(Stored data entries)
□ □ □
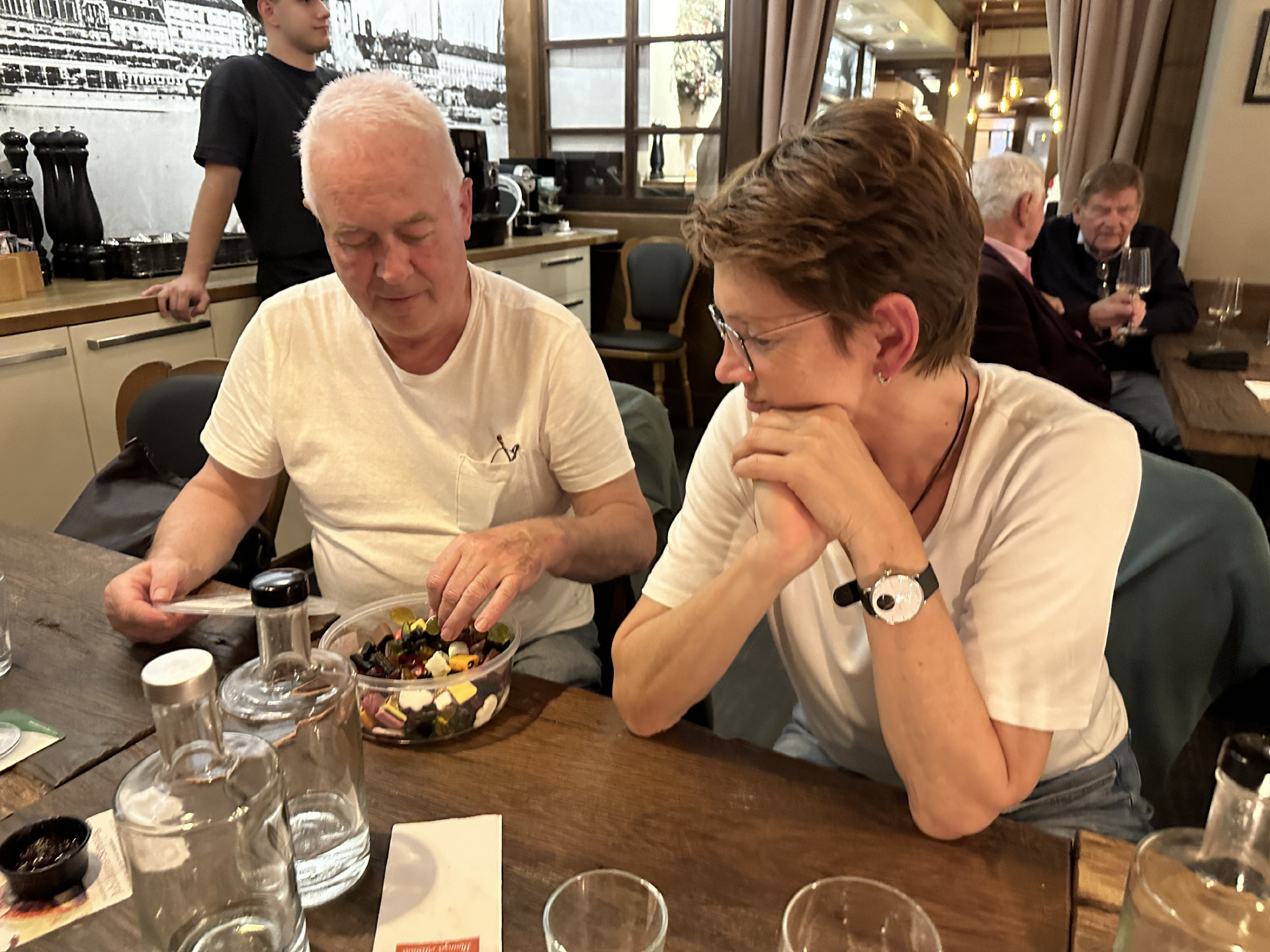 Zur kleinen Stärkung am Mittag im Weinhause "Zum Spiegel" stießen dann auch Gerd und Antje aus Wolfenbüttel dazu.Natürlich wurden erst einmal alle Neuigkeiten ausgetauscht und alle freuten sich, dass wir wieder einmal komplett waren.
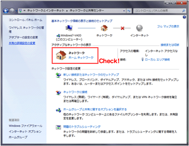 「スタート」-「コントロールパネル」を開き、「ネットワークとインターネット」の「ネットワークの状態とタスクの表示」を選択します。
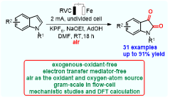 其中,研究成果二在无隔膜电解池中采用恒电流模式使用空气作为唯一氧化剂,建立了吲哚氧化制备靛红的绿色方法,并使用DFT计算对反应机理进行了深入研究。本方法具有以下优点:无需常规有毒氧化剂;无需电子转移媒介物;空气作为氧化剂以及氧原子来源;可通过流动电解池进行克级制备。该工作成果以“Scalable Electrochemical Aerobic Oxygenation of Indoles to Isatins without Electron Transfer Mediators by Merging with an Oxygen Reduction Reaction”为题发表于国际权威期刊《Organic Letters》。该论文九州注册为第一单位,化学与材料学院博士研究生庄伟辉和硕士研究生张家琦为共同第一作者,汕头大学倪绍飞教授、九州注册张晓凤高级实验师和黄秋锋教授为共同通讯作者。
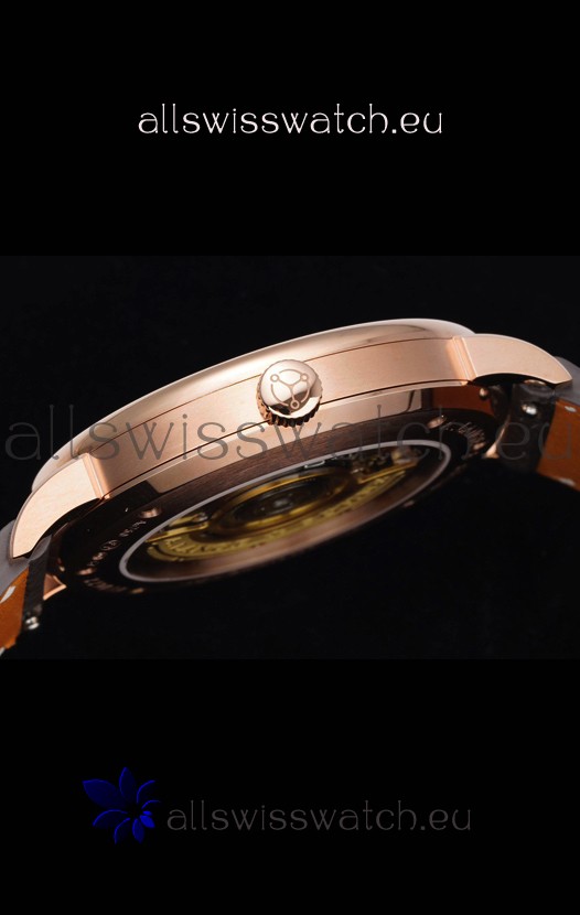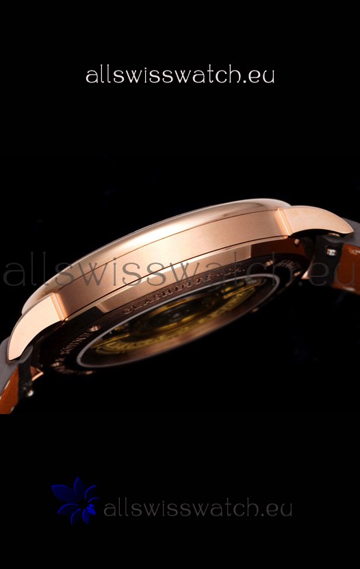 18K Rose Gold Plating on 904 Polished Solid Stainless Steel Case with Open Case Back Cover in Steel. Polished Bezel.
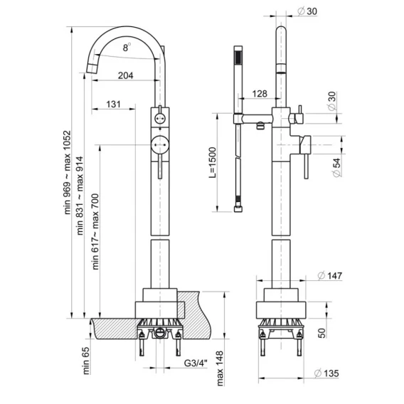 Смеситель напольный для ванны Paini Cox 78PJ136LM
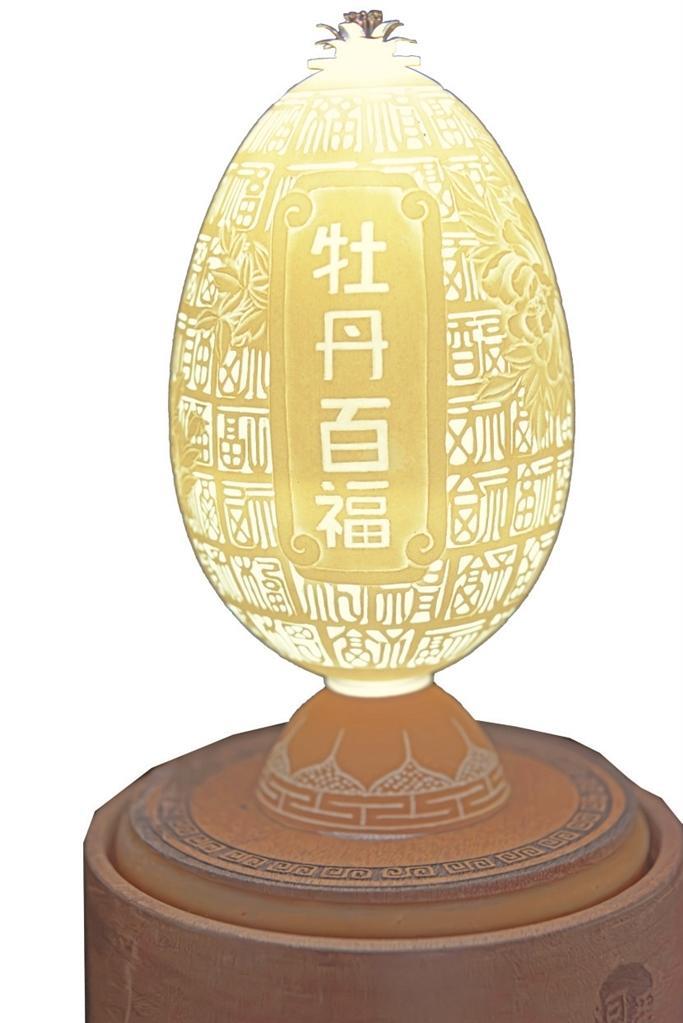 楊星國(guó)雕刻過(guò)的作品達(dá)兩千多件,作品《牡丹亭》是他用最新的拼雕手法創(chuàng)作的,鴕鳥(niǎo)蛋殼細(xì)分成300片,打磨成“瓦片”樣,逐片貼成古建筑中亭頂蓋狀,形成牡丹亭之樣,做成外層的“亭”;內(nèi)層的“牡丹”則用鴯鹋蛋殼,利用其自然色,依照牡丹層層雕透,第一層深墨、第二層墨綠、第三層淡綠、第四層白色從外到內(nèi)雕刻,作品既有國(guó)畫(huà)的神韻又有雕刻的立體藝術(shù)之美。浮雕、陰雕、陽(yáng)雕、鏤空雕、拼雕等手法,在《牡丹亭》作品里全部顯現(xiàn)。為了讓作品表達(dá)的效果更充分,楊星國(guó)又加了一些機(jī)械原理讓其旋轉(zhuǎn),還加了燈光,于是,3個(gè)鴕鳥(niǎo)蛋殼與1個(gè)鴯鹋蛋殼在楊星國(guó)的巧妙構(gòu)思中有了全新的生命。
□ □ □
§ **WORK REQUIRED**
Reproduce, with no pictures, the lines from the one containing "18K Rose Gold" to the end of the records above, exactly and inclusively.

§ **PROBLEM SOLUTION**
 18K Rose Gold Plating on 904 Polished Solid Stainless Steel Case with Open Case Back Cover in Steel. Polished Bezel.
 Смеситель напольный для ванны Paini Cox 78PJ136LM
 楊星國(guó)雕刻過(guò)的作品達(dá)兩千多件,作品《牡丹亭》是他用最新的拼雕手法創(chuàng)作的,鴕鳥(niǎo)蛋殼細(xì)分成300片,打磨成“瓦片”樣,逐片貼成古建筑中亭頂蓋狀,形成牡丹亭之樣,做成外層的“亭”;內(nèi)層的“牡丹”則用鴯鹋蛋殼,利用其自然色,依照牡丹層層雕透,第一層深墨、第二層墨綠、第三層淡綠、第四層白色從外到內(nèi)雕刻,作品既有國(guó)畫(huà)的神韻又有雕刻的立體藝術(shù)之美。浮雕、陰雕、陽(yáng)雕、鏤空雕、拼雕等手法,在《牡丹亭》作品里全部顯現(xiàn)。為了讓作品表達(dá)的效果更充分,楊星國(guó)又加了一些機(jī)械原理讓其旋轉(zhuǎn),還加了燈光,于是,3個(gè)鴕鳥(niǎo)蛋殼與1個(gè)鴯鹋蛋殼在楊星國(guó)的巧妙構(gòu)思中有了全新的生命。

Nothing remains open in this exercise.